SpaceX launched a Falcon 9 rocket carrying a satellite into space for NATO ally Luxembourg and operator SES with a previously flown first stage, CBS News reported Wednesday.
It was the sixth time SpaceX has successfully used pre-flown first stage of the Falcon 9, a key component to its founder's Elon Musk goal of lowering the cost of space travel, CBS News said. The rocket launched from the Cape Canaveral Air Force Station at 4:25 p.m.
The first stage, which was initially thought to not have enough left-over propellant to attempt a normal landing back at Cape Canaveral or on an off-shore droneship, managed to "touchdown" in the Atlantic Ocean and remain intact, CBS News reported.
Musk said on Twitter that SpaceX will attempt to tow the rocket back to shore.
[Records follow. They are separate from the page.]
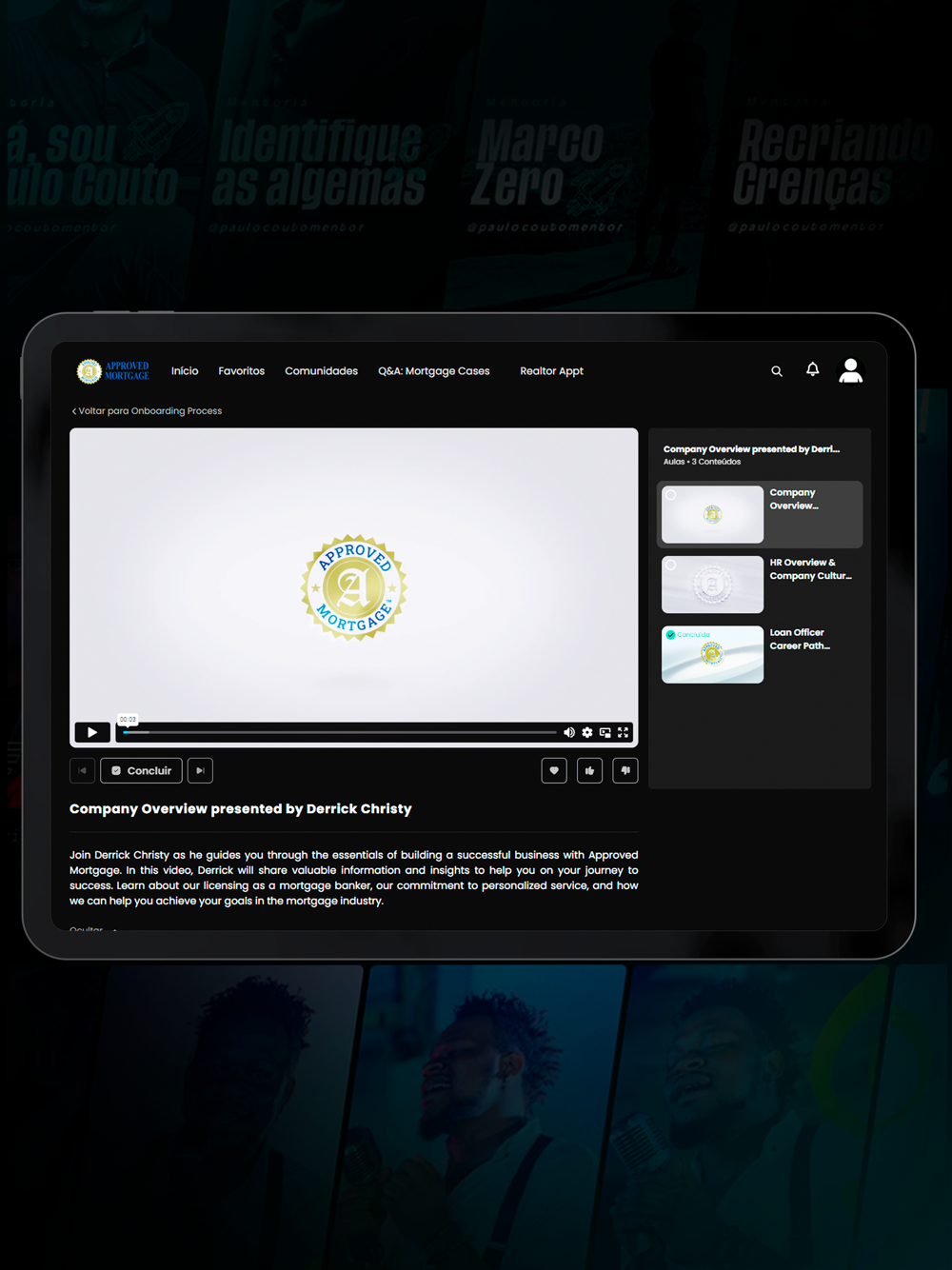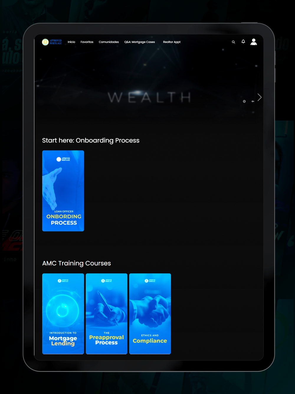 The Approved Mortgage Training Platform is an innovative and comprehensive educational tool, specifically designed to develop, enhance, and engage the company's employees. This platform offers a wide range of high-quality content, covering technical, theoretical, and practical aspects essential for achieving excellence in the industry. Additionally, it provides users access to dynamic digital communities, facilitating knowledge exchange between mentors and learners, and incorporates gamification elements to make learning more interactive and engaging. The platform is constantly evolving, with regular updates of content to reflect the latest and most relevant market trends.
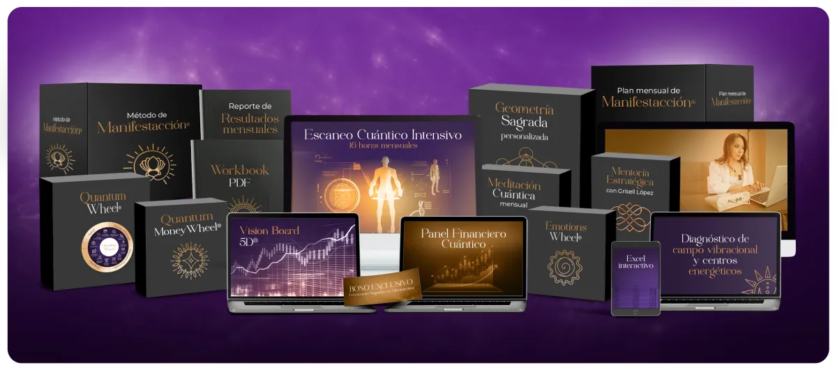 Con el método de ManifestACCION® y la máquina de balance cuántico, medirás y elevarás tu frecuencia, reprogramarás tu subconsciente y diseñarás una estrategia financiera, transformando tu energía en prosperidad real y sostenible.
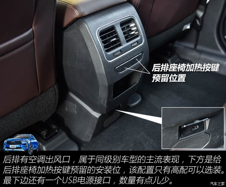 舒适性配置上,这台顶配车型配有四窗一键升降、后排空调出风口和全景天窗,在日常用车中的使用频率还是挺高的。有一个细节,我们之前在体验哈弗F7试装车的时候,后排出风口下方是有后排座椅加热按键的,但上市后的量产车上并没看到这项配置,全系都需要选装。
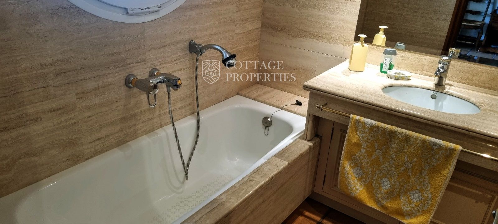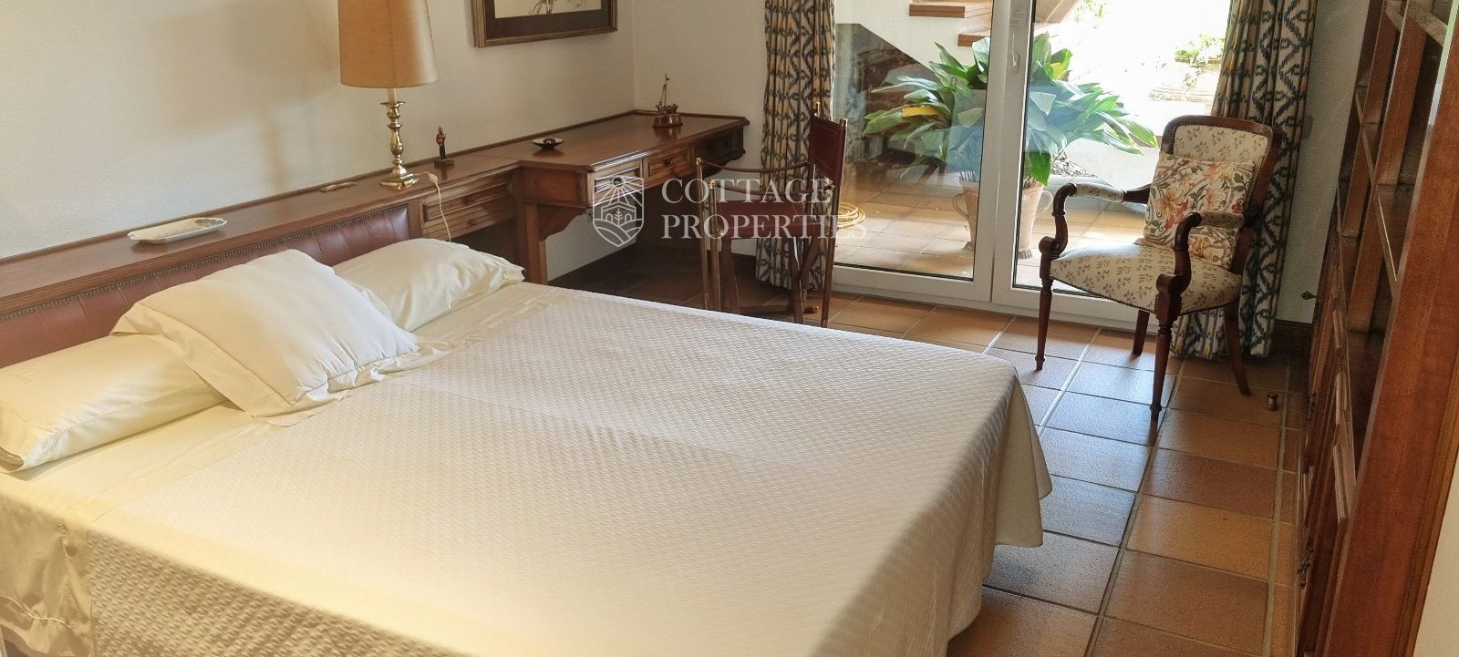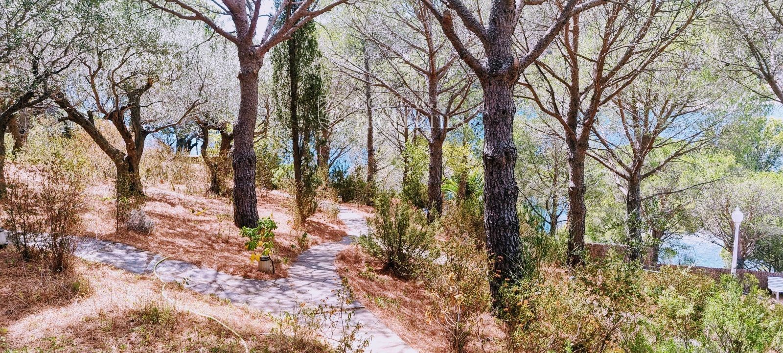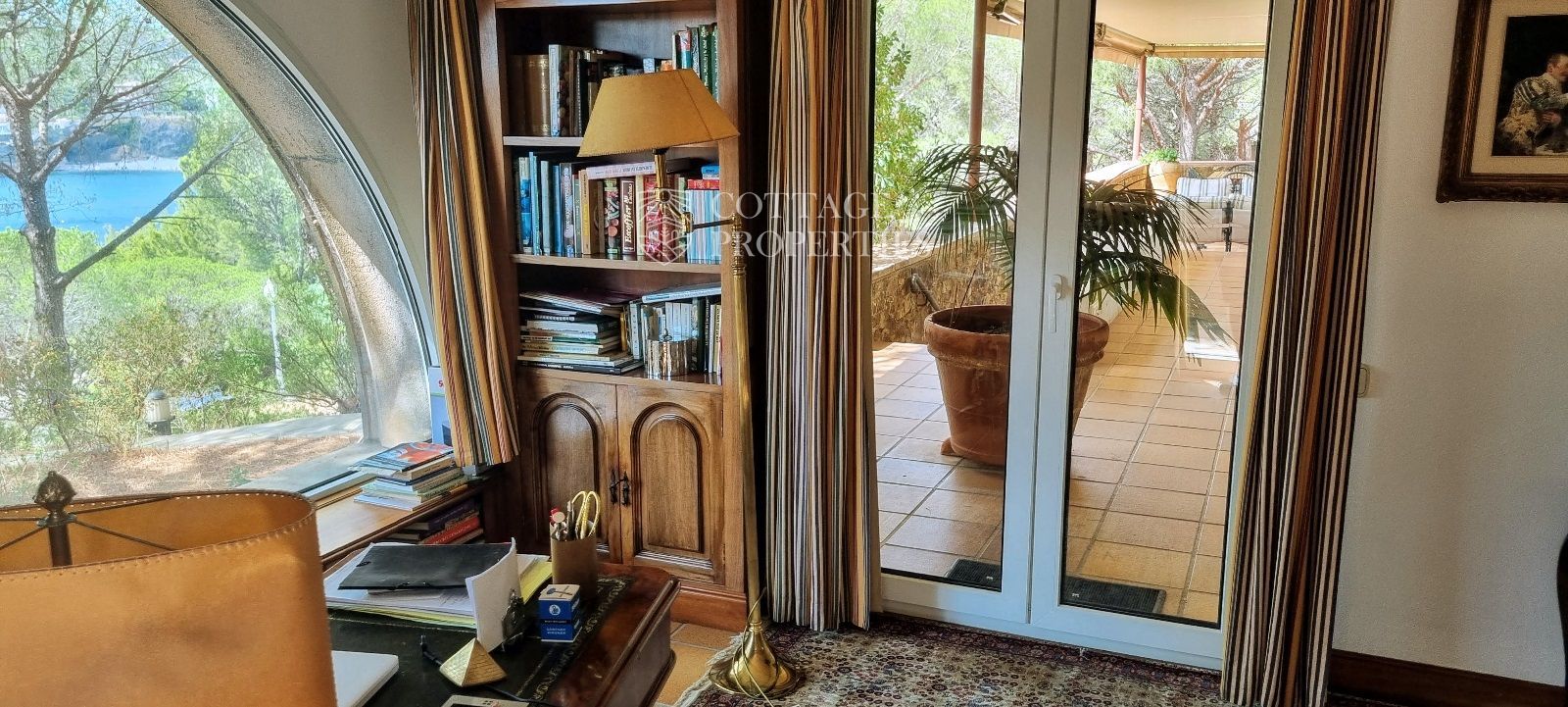 La villa comprend un hall d'entrée élégant, un vaste salon avec accès à une terrasse surplombant la mer, et une salle à manger au même niveau. Elle dispose également d'une grande cuisine, d'une buanderie et de 4 chambres, dont trois avec salle de bains privative. À l'étage supérieur, un palier donne accès à une salle de réunion avec une grande terrasse, une cave à vin, une salle de sport avec sauna, et 3 chambres avec salle de bains privative.

The GovSat 1 satellite was released to fly once the second stage reached the desired elliptical orbit, the network said. The satellite will provide jam-resistant, encrypted military and government communications across Europe, the Mediterranean, the Middle East and Africa for Luxembourg, NATO and allied nations, wrote CBS News.
SpaceX's launch comes after last month's mysterious launch and apparent failure of the classified military satellite code-named Zuma, Bloomberg reported. SpaceX officials charged that its rockets performed as expected during the launch.
Bloomberg wrote that it appeared the satellite crashed into the sea after a malfunction while being boosted into orbit.
"After review of all data to date, Falcon 9 did everything correctly on Sunday night. If we or others find otherwise based on further review, we will report it immediately," SpaceX Chief Operating Officer Gwynne Shotwell said in an emailed statement last month about the Zuma mission. "Due to the classified nature of the payload, no further comment is possible."